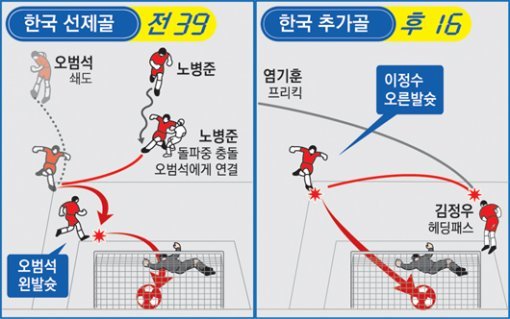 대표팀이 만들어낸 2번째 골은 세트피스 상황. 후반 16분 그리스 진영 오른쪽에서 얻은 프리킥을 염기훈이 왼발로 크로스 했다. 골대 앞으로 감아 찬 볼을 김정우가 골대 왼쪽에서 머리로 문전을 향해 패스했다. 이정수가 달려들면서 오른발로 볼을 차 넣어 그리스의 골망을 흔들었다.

§ §

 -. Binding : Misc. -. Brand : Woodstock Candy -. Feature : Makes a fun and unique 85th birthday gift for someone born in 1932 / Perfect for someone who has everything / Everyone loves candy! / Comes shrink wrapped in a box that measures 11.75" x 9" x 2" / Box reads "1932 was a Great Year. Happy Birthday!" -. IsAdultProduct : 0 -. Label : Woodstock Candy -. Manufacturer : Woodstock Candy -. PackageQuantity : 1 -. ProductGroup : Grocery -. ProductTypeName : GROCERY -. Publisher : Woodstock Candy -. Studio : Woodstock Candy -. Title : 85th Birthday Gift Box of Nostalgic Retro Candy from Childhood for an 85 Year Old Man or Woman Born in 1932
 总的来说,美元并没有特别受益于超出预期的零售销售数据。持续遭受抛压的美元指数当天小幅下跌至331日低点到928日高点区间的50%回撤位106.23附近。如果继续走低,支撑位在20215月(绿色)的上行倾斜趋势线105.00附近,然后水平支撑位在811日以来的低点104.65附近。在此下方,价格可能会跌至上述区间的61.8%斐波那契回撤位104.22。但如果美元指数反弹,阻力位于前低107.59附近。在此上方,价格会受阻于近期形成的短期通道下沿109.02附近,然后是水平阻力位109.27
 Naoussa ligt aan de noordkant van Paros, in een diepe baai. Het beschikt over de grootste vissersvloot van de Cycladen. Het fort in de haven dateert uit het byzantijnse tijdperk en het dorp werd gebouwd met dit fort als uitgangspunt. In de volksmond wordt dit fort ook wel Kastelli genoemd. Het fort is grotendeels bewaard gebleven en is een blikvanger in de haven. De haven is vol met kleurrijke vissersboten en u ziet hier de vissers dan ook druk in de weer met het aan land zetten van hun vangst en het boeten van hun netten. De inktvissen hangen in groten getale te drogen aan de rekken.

§ §

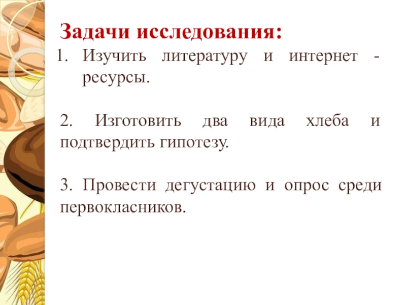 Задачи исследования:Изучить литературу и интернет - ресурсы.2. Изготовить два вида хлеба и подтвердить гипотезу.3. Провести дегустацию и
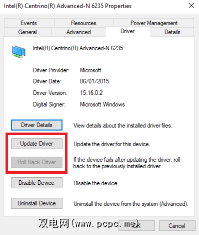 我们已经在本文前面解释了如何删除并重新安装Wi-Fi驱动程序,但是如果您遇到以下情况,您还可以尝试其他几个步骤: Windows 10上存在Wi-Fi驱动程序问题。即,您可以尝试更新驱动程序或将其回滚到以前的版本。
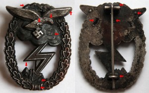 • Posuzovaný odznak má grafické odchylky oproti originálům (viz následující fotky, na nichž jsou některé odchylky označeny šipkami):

§ §

Beginning at the line with "总的来说,美元并没有特别受益" and ending at the line with "Naoussa ligt aan", reproduce each line of the data above exactly, and add no other lines.

 总的来说,美元并没有特别受益于超出预期的零售销售数据。持续遭受抛压的美元指数当天小幅下跌至331日低点到928日高点区间的50%回撤位106.23附近。如果继续走低,支撑位在20215月(绿色)的上行倾斜趋势线105.00附近,然后水平支撑位在811日以来的低点104.65附近。在此下方,价格可能会跌至上述区间的61.8%斐波那契回撤位104.22。但如果美元指数反弹,阻力位于前低107.59附近。在此上方,价格会受阻于近期形成的短期通道下沿109.02附近,然后是水平阻力位109.27
 Naoussa ligt aan de noordkant van Paros, in een diepe baai. Het beschikt over de grootste vissersvloot van de Cycladen. Het fort in de haven dateert uit het byzantijnse tijdperk en het dorp werd gebouwd met dit fort als uitgangspunt. In de volksmond wordt dit fort ook wel Kastelli genoemd. Het fort is grotendeels bewaard gebleven en is een blikvanger in de haven. De haven is vol met kleurrijke vissersboten en u ziet hier de vissers dan ook druk in de weer met het aan land zetten van hun vangst en het boeten van hun netten. De inktvissen hangen in groten getale te drogen aan de rekken.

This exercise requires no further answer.